2FA in beta test
 

The beta test of our new Account Security interface, which includes two-factor authentication, is now starting!

Those who have asked to participate will have their accounts patched to our new production servers where the Account Security screen is available from the Account interface. We will inform each of you when this has been done.

If you would like to participate in the beta test, please contact Runbox Support.

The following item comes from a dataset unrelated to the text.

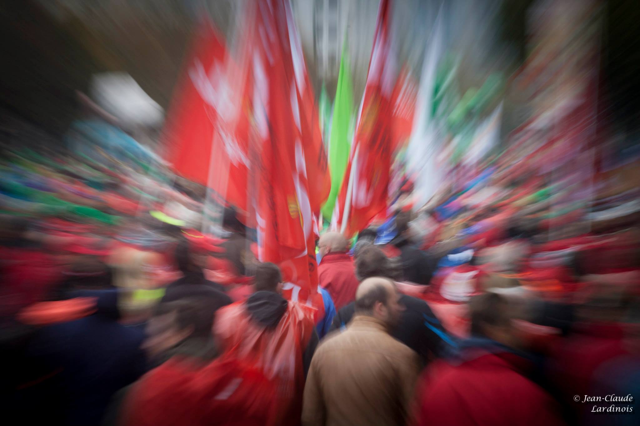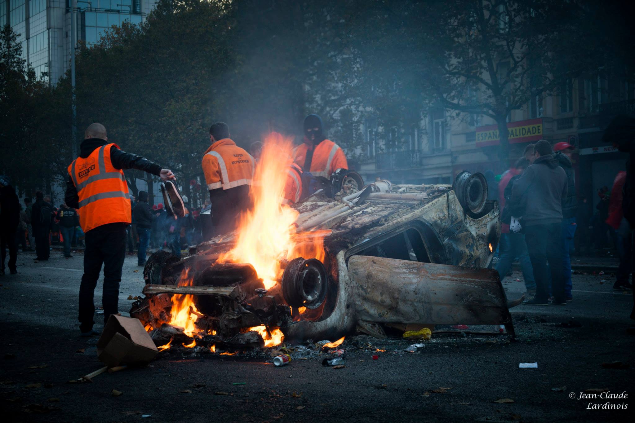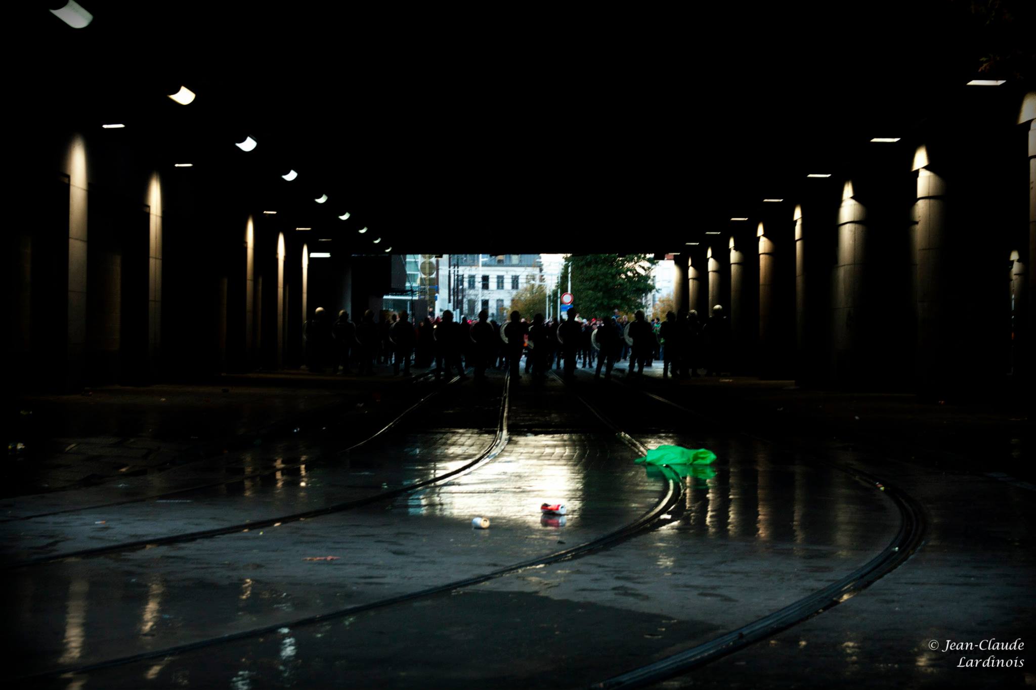 JCL : Alors, deux réponses à tes deux questions…. Pourquoi la manif ? J’ai senti que ce jour-là serait un jour historique. Je suis parti dès 05 heures du matin, avec un boîtier, trois batteries et du café. Une fois dans le train, avec les manifestants partis de la gare de Ath, j’ai senti que quelque chose de grand, du point de vue humain et social, allait se produire. Il y avait un mouvement global, une fusion des idées mais aussi beaucoup de colère contenue, beaucoup d’émotions, des rires et des larmes…

In the meantime, Happy Holidays! :)

- Geir

2FA Beta
 

It looks like you guys pulled it off Geir. I've tested most of the 2FA features and everything looks good. RunBox team -- Great job!

Thanks for the feedback!

It took some time but I think we spent 2016 well.

Stay tuned for 2017!

- Geir

Sorry if this has come up before, but what kind of 2FA solutions do you offer? Hopefully Yubikey is one of them? :)

I have not seen any 2FA options to include YUBI key. (I've got one of these too.) I am currently using 2FA via Google authenticator TOTP and it works very well. If you store your "secret key" in a secure place you can not only use your phone but the Google authenticator plugin in your browser. Here are the options and a link to the Account Security Page at RunBox.

Two-Factor Authentication

When Two-Factor Authentication (2FA) is enabled, you will have the following options:

Timed One-Time Passwords (TOTP): To use this option you will need a smartphone and some free software. This option works by giving you a login code which changes over time, in addition to your password.

One-Time Passwords (OTP): When you enable this option, the system will generate random passwords that you can use only once. Used passwords are discarded automatically can not be used again
.
Trust browser: This allows the server to trust your current web browser so that you don't have to use a 2FA code.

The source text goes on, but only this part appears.